The means and mean absolute deviations of the individual times of members on two [tex]4 \times 400[/tex]-meter relay track teams are shown in the table below.

[tex]
\[
\begin{array}{|c|c|c|}
\hline
& \text{Team A} & \text{Team B} \\
\hline
\text{Mean} & 59.32 \, \text{s} & 59.1 \, \text{s} \\
\hline
\text{Mean Absolute Deviation} & 59.32 \, \text{s} & 59.1 \, \text{s} \\
\hline
\end{array}
\]
[/tex]

What is the ratio of the difference in the means of the two teams to the mean absolute deviation of Team B?

A. 0.09
B. 0.15
C. 0.25
D. 0.65

To solve this problem, we need to find the ratio of the difference in the means of two teams to the mean absolute deviation (MAD) of Team B.

Here's how we do it step-by-step:

1. Identify the Means of the Two Teams:
- The mean time for Team A: 59.32 seconds.
- The mean time for Team B: 59.1 seconds.

2. Calculate the Difference in Means:
- Subtract the mean of Team B from the mean of Team A:
[tex]\[
\text{Difference in means} = 59.32 - 59.1 = 0.22 \text{ seconds}
\][/tex]

3. Identify the Mean Absolute Deviation (MAD) of Team B:
- The MAD for Team B is given as 59.1 seconds.

4. Calculate the Ratio:
- Divide the difference in means by the MAD of Team B:
[tex]\[
\text{Ratio} = \frac{0.22}{59.1}
\][/tex]

5. Find the Result:
- After performing the division, the ratio is approximately 0.0037.

Given the choices provided, it appears that there might be a misunderstanding or misalignment due to rounding or interpretation errors.

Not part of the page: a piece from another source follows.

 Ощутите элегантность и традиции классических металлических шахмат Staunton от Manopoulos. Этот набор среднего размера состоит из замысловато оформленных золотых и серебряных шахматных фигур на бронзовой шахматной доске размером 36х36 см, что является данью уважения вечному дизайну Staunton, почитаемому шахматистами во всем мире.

The expected answers are a bit off from this calculation. It's common for multiple-choice questions to use rounding or to check for specific value interpretations. Unfortunately, without further context, none of the given options (0.09, 0.15, 0.25, 0.65) match the calculated ratio closely.

If there is additional context or if the question has a different interpretation of the provided values, please double-check the parameters or verify any assumptions.